そして、夜が来る。
蒔文歩
08:00
「あれ、
僕の静寂を、切り裂く声がした。誰もいないクラスルーム。世界から自分以外の人間が消えてしまったのかと思うほど、静かな休日。冬の世界で、季節外れの向日葵が咲いている。
彼は笑う。声をかけられて、僕は唖然としていた。
「今日、振替休日だぞ?」
死んだはずのクラスメイトが、僕の席に座っていたから。
天国への切符と引き換えに、一日だけ現世に蘇ることのできる世界の話。
唐突な出来事だった。
『昨日、このクラスの
そう告げた担任教師の目元は、赤く腫れていた。一番後ろの席に座る僕にもわかるくらい酷く。
生前の彼は、太陽のような存在だった。いつも廊下側の一番前の席にいた。苗字が「藍原」だから。彼の周りには、たくさんの人間がいた。彼は「勝ち組」だったのだ。僕はそうやって、誤解していた。
『死因は、睡眠薬の過剰摂取で、今、詳しい経緯を警察が調べています。もしも、何か事情を知っている人がいたら、先生に言ってください。』
死因だけで、大体の事情はわかってしまう。オーバードーズ。誰もが、唖然とした。クラスの太陽が、自殺。

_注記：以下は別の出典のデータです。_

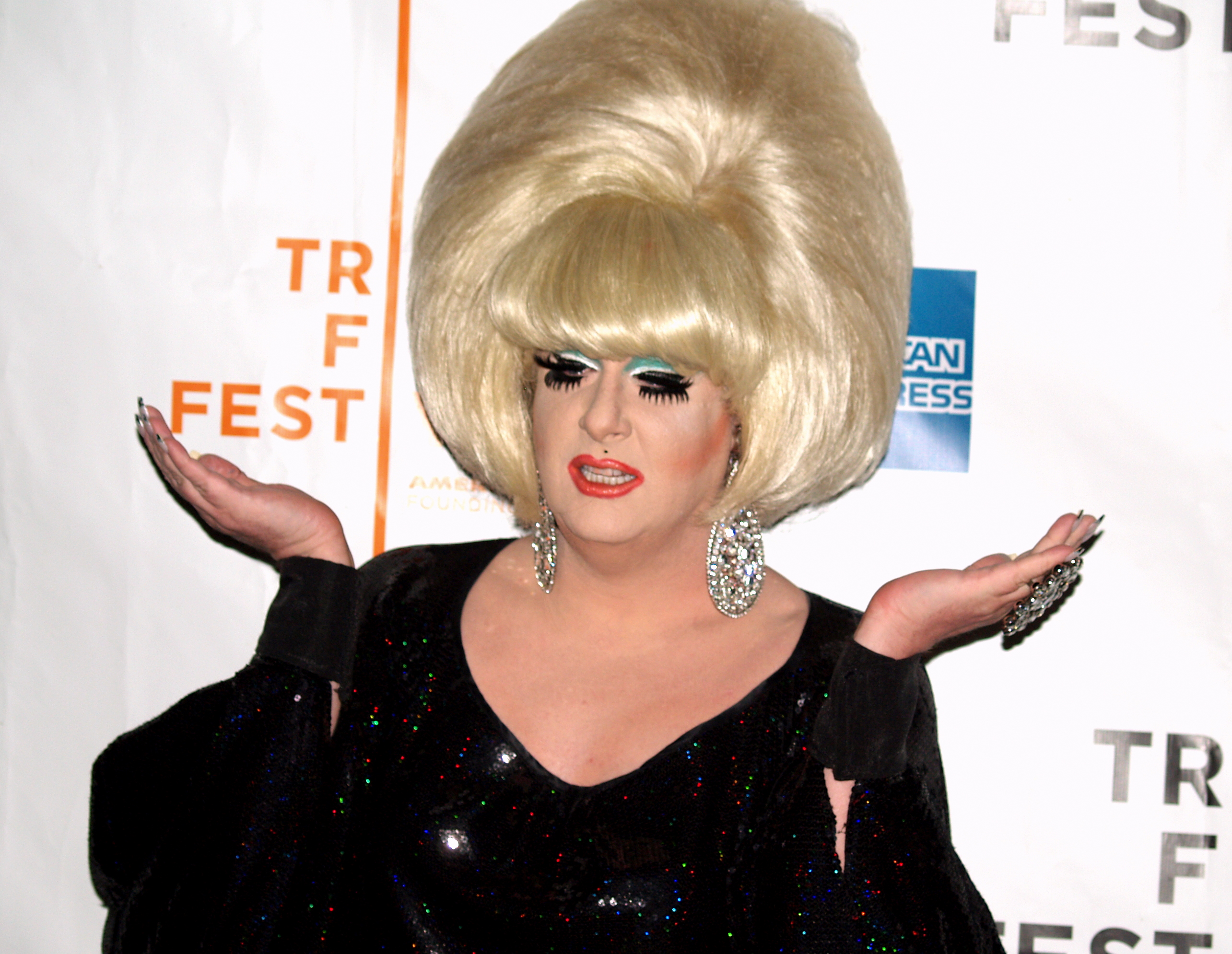 Lady Bunny at the premiere of Squeezebox! at the 2008 Tribeca Film Festival.

彼はたくさんの友人に囲まれていたにも関わらず、誰も彼が自殺した理由を知らなかった。謎が多く残されたまま彼の葬儀が行われ、僕たちは棺に花を添えた。白い花と白装束が似合わない、金髪の死体。花が増えていくごとに、参列者の感情も昂っていく。泣いたり、叫んだり、泣いたり。
僕は、至って冷静だった。彼を別の世界の人間だと思っていたから。そんな自分が嫌いになったけど、しょうがないことだと心のどこかで諦めていた。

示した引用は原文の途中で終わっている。